The output should be the listing below, limited to the lines from the one with "Kierownik niewielkiej stolarni" through the one with "14. Psaume 145", exact and without pictures.

** Entries provided **
== == ==
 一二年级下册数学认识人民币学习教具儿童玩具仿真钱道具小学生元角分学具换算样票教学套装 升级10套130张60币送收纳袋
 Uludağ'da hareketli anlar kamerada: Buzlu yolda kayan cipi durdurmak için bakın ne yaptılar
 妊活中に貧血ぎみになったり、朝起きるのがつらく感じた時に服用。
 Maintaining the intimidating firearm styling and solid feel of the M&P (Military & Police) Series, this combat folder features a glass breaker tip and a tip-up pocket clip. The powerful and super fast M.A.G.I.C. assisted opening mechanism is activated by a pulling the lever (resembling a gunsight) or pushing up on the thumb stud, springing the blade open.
== == ==
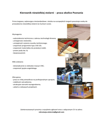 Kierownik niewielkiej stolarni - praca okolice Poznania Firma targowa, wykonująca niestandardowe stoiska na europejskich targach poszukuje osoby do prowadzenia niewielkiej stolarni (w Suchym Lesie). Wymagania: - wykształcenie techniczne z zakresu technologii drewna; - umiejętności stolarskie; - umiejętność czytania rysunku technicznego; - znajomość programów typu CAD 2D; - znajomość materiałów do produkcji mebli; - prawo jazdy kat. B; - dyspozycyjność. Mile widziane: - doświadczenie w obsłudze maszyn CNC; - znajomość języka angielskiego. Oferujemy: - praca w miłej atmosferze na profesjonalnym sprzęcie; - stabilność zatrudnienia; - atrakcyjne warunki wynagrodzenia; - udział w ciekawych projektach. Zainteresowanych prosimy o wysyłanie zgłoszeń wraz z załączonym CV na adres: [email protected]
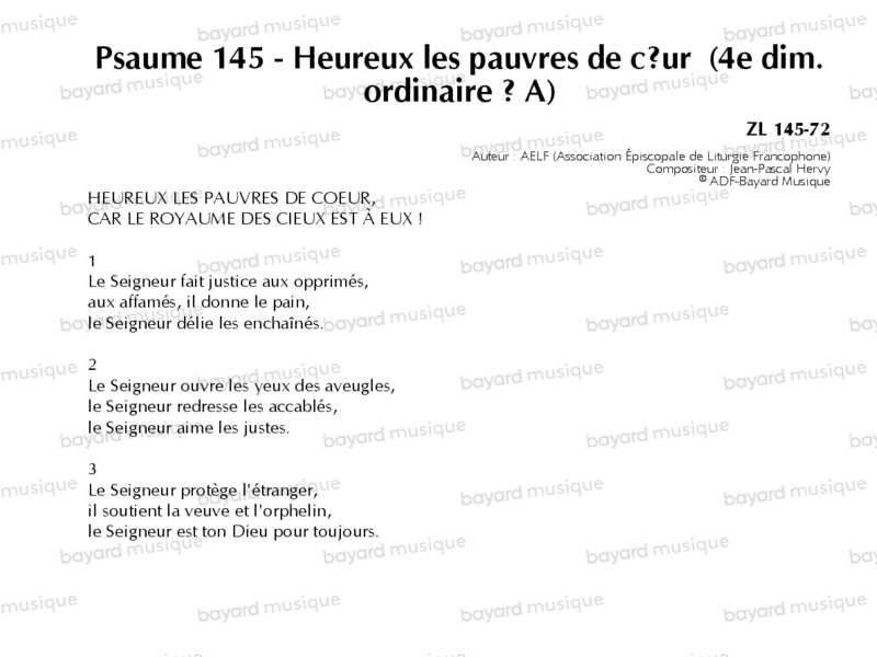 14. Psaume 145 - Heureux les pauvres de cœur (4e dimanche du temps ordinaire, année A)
== == ==
** Answer section **
 Kierownik niewielkiej stolarni - praca okolice Poznania Firma targowa, wykonująca niestandardowe stoiska na europejskich targach poszukuje osoby do prowadzenia niewielkiej stolarni (w Suchym Lesie). Wymagania: - wykształcenie techniczne z zakresu technologii drewna; - umiejętności stolarskie; - umiejętność czytania rysunku technicznego; - znajomość programów typu CAD 2D; - znajomość materiałów do produkcji mebli; - prawo jazdy kat. B; - dyspozycyjność. Mile widziane: - doświadczenie w obsłudze maszyn CNC; - znajomość języka angielskiego. Oferujemy: - praca w miłej atmosferze na profesjonalnym sprzęcie; - stabilność zatrudnienia; - atrakcyjne warunki wynagrodzenia; - udział w ciekawych projektach. Zainteresowanych prosimy o wysyłanie zgłoszeń wraz z załączonym CV na adres: [email protected]
 14. Psaume 145 - Heureux les pauvres de cœur (4e dimanche du temps ordinaire, année A)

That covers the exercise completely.